TASK ITEM » Could each entry below be written out exactly, with every picture dropped?

PROVIDED ENTRIES »
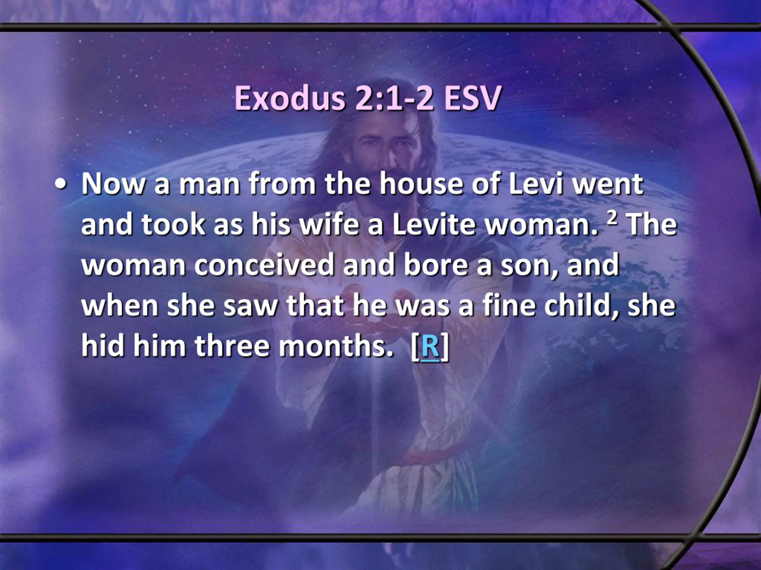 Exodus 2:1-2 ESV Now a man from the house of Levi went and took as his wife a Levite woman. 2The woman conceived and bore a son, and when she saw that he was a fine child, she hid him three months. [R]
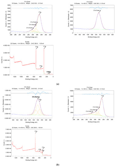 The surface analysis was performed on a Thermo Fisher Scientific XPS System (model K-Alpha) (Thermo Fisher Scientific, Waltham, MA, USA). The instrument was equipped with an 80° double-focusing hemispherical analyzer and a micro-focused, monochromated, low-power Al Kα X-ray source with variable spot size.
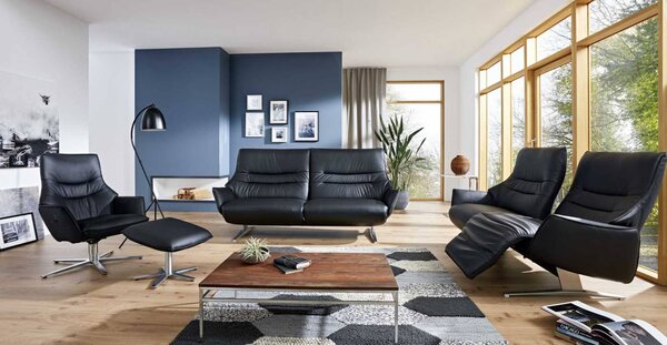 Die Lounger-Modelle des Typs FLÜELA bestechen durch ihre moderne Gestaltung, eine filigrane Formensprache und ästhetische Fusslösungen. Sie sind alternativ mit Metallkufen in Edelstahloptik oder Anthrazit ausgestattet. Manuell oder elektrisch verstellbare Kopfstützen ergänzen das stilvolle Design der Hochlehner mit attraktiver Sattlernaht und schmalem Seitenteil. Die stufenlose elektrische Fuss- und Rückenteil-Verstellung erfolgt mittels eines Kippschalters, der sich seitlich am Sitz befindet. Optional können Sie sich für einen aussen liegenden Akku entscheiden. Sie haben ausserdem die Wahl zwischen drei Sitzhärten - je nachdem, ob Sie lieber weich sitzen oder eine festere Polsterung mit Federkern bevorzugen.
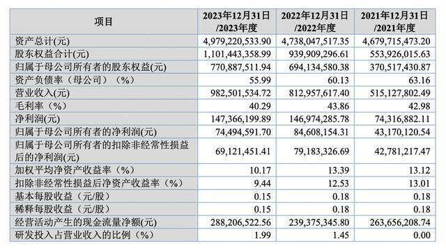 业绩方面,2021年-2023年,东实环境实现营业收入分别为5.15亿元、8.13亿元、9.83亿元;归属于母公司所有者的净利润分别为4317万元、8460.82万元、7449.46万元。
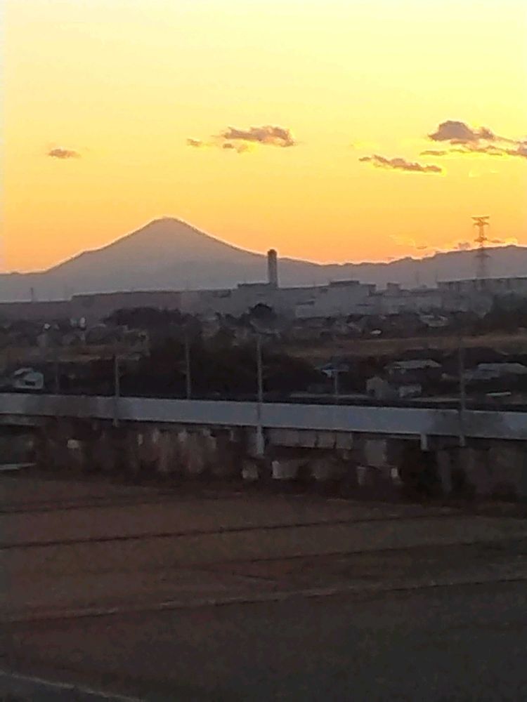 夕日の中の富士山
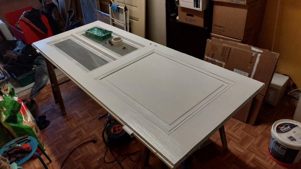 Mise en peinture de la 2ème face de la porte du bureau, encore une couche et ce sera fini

ANSWER SPACE »
 Exodus 2:1-2 ESV Now a man from the house of Levi went and took as his wife a Levite woman. 2The woman conceived and bore a son, and when she saw that he was a fine child, she hid him three months. [R]
 The surface analysis was performed on a Thermo Fisher Scientific XPS System (model K-Alpha) (Thermo Fisher Scientific, Waltham, MA, USA). The instrument was equipped with an 80° double-focusing hemispherical analyzer and a micro-focused, monochromated, low-power Al Kα X-ray source with variable spot size.
 Die Lounger-Modelle des Typs FLÜELA bestechen durch ihre moderne Gestaltung, eine filigrane Formensprache und ästhetische Fusslösungen. Sie sind alternativ mit Metallkufen in Edelstahloptik oder Anthrazit ausgestattet. Manuell oder elektrisch verstellbare Kopfstützen ergänzen das stilvolle Design der Hochlehner mit attraktiver Sattlernaht und schmalem Seitenteil. Die stufenlose elektrische Fuss- und Rückenteil-Verstellung erfolgt mittels eines Kippschalters, der sich seitlich am Sitz befindet. Optional können Sie sich für einen aussen liegenden Akku entscheiden. Sie haben ausserdem die Wahl zwischen drei Sitzhärten - je nachdem, ob Sie lieber weich sitzen oder eine festere Polsterung mit Federkern bevorzugen.
 业绩方面,2021年-2023年,东实环境实现营业收入分别为5.15亿元、8.13亿元、9.83亿元;归属于母公司所有者的净利润分别为4317万元、8460.82万元、7449.46万元。
 夕日の中の富士山
 Mise en peinture de la 2ème face de la porte du bureau, encore une couche et ce sera fini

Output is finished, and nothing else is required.